Книги

Детство в европейских автобиографиях

22
18
20
22
24
26
28
30

Когда я теперь стал ходить в школу, то я ничего еще не знал, даже не умел читать Доната[212]: а мне уж было 18 лет. Посадили меня с малыми ребятами, и я среди них был словно наседка среди цыплят. Один раз Сапид стал читать список своих учеников и сказал: «Тут у меня много варварских имен, я хочу их немножко облатинить». Он принялся снова его перечитывать, и, дойдя до наших имен, Фома Платтер и Антоний Венец, он их перевел: Thomas Platerus, Antonius Venetus. Потом он спросил: «А кто эти двое?» Когда мы встали, то он сказал: «О, чтоб вам пусто было! два таких паршивых стрелка, и у них такие прекрасные имена!»[213] А это была почти что и правда. Особенно товарищ мой так был паршив, что я иногда по утрам сдирал с него простыню, как шкуру с козы; сам я лучше переносил чужой воздух и пищу.

Пробыли мы там с осени до Троицына дня, но туда набиралось все больше и больше учеников, так что мне не под силу уж стало нас обоих прокармливать, и нам пришлось уйти оттуда в Золотурн. Там была порядочная школа, и насчет еды было лучше; но там столько приходилось торчать в церкви, теряя время, что мы пошли оттуда домой.

Дома я пожил несколько времени. Я ходил в школу к одному священнику, который выучил меня немножко писать и еще кое-чему – не помню уж теперь хорошенько, чему именно. Там пристала ко мне лихорадка, когда я жил в Гренхен у моей тетки Франси. В это же время я за один день выучил азбуке парнишку другой моей тетки: звали его Симон Стейнер. Год спустя он пришел ко мне в Цюрих, потом он пошел учиться в Страсбург, стал со временем famulus D. Buceri и дошел до звания учитель… Он был два раза женат и когда умер, то вся Страсбургская школа по нему плакала.

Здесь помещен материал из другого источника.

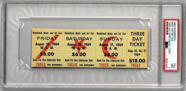 Woodstock was a music festival held between August 1518, 1969, which attracted an audience of more than 400, 000. It is widely regarded as a pivotal moment in popular music history, as well as the definitive nexus for the larger counterculture generation. This is a 1969 Woodstock Music & Art Fair RARE ADVANCE PURCHASE Original Vintage 3 Day $18 Full Ticket Aug 15-17, 1969. PSA Slabbed and Graded Mint 9 62261440. Image of actual item in stock - as shown. Woodstock 3 Day Advanced Tickets. These are by far the rarest of the Woodstock tickets.

Следующей весной я пошел опять из дому с двумя братьями. Когда мы пришли к матери прощаться, то она зарыдала и сказала: «Боже милосердый, три у меня сына, и все уходят на чужбину». Это был единственный раз, когда я видел, чтобы мать моя плакала. Она была храбрая, мужественная женщина, но груба. Когда у ней умер третий муж, она осталась вдовой и работала как мужик, чтобы прокармливать детей от последнего мужа. Она и землю копала, и хлеб молотила, и исполняла всякую другую совсем не женскую работу. Во время большой чумы она сама своими руками схоронила троих из детей: а то как чума пойдет валить народ, так могильщики берут дорого. С нами, первыми своими детьми, она была очень груба: оттого-то мы к ней редко и хаживали. Помню, раз я лет пять не был дома, скитался в дальних странах: а когда я к ней пришел, то она с первого же слова на меня закричала: «Какой черт тебя опять принес!» Я отвечал: «Зачем черт? Не черт, матушка, а мои ноги. Да ты не бойся, я не буду долго вам в тягость». Она сказала: «Ты мне не в тягость, но видеть я не могу, как ты шляешься взад и вперед и, конечно, ничему не учишься. Учился бы ты той же работе, что делал твой покойный отец. А священником тебе никогда не бывать: не написано мне на роду такого счастья, чтобы видеть сына священником». Я прожил у нее тогда два или три дня. Раз утром во время сбора винограда выпал большой иней. Помогая собирать виноград, я ел мерзлые ягоды, и меня с этого так раздуло, что я стал кататься по земле и кричать, что лопну. А она стала передо мной и смеялась: «Ну, и лопни, коли хочешь! Вольно же тебе было их есть». Я мог бы привести и много других грубых ее выходок; но со всем тем это была прямая, честная и благочестивая женщина; так про нее все говорили и все ее очень хвалили.

Бенвенуто Челлини

(1500–1571)

Ювелир и скульптор из Флоренции, Бенвенуто работал над своим жизнеописанием в 1558–1567 гг. Однако известна читателям эта книга стала лишь в 1728 г. Сочинение отмечено живым романным стилем и непосредственностью «не по эпохе». Рассказ доведен до 1566 г. и оборван.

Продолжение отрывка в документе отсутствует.